==== Task input ====

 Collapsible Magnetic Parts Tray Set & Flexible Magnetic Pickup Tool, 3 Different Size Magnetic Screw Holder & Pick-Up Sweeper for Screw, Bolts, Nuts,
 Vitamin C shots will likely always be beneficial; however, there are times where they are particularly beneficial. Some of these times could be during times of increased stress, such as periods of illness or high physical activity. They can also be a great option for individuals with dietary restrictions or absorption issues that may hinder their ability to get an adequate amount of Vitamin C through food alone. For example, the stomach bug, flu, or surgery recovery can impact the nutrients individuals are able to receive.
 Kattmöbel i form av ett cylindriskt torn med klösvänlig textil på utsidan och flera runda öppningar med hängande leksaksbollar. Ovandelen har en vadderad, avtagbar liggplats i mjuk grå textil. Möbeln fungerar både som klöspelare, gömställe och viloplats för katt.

====
==== Task input ====

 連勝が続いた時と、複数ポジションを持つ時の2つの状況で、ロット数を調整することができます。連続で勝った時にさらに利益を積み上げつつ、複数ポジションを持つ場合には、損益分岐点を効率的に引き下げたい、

====

Required action >> Going back to the entries above, set down exactly the lines that begin at the one with "Collapsible Magnetic Parts" and end at the one with "Kattmöbel i form", both included, and nothing else.

Completed task >>
 Collapsible Magnetic Parts Tray Set & Flexible Magnetic Pickup Tool, 3 Different Size Magnetic Screw Holder & Pick-Up Sweeper for Screw, Bolts, Nuts,
 Vitamin C shots will likely always be beneficial; however, there are times where they are particularly beneficial. Some of these times could be during times of increased stress, such as periods of illness or high physical activity. They can also be a great option for individuals with dietary restrictions or absorption issues that may hinder their ability to get an adequate amount of Vitamin C through food alone. For example, the stomach bug, flu, or surgery recovery can impact the nutrients individuals are able to receive.
 Kattmöbel i form av ett cylindriskt torn med klösvänlig textil på utsidan och flera runda öppningar med hängande leksaksbollar. Ovandelen har en vadderad, avtagbar liggplats i mjuk grå textil. Möbeln fungerar både som klöspelare, gömställe och viloplats för katt.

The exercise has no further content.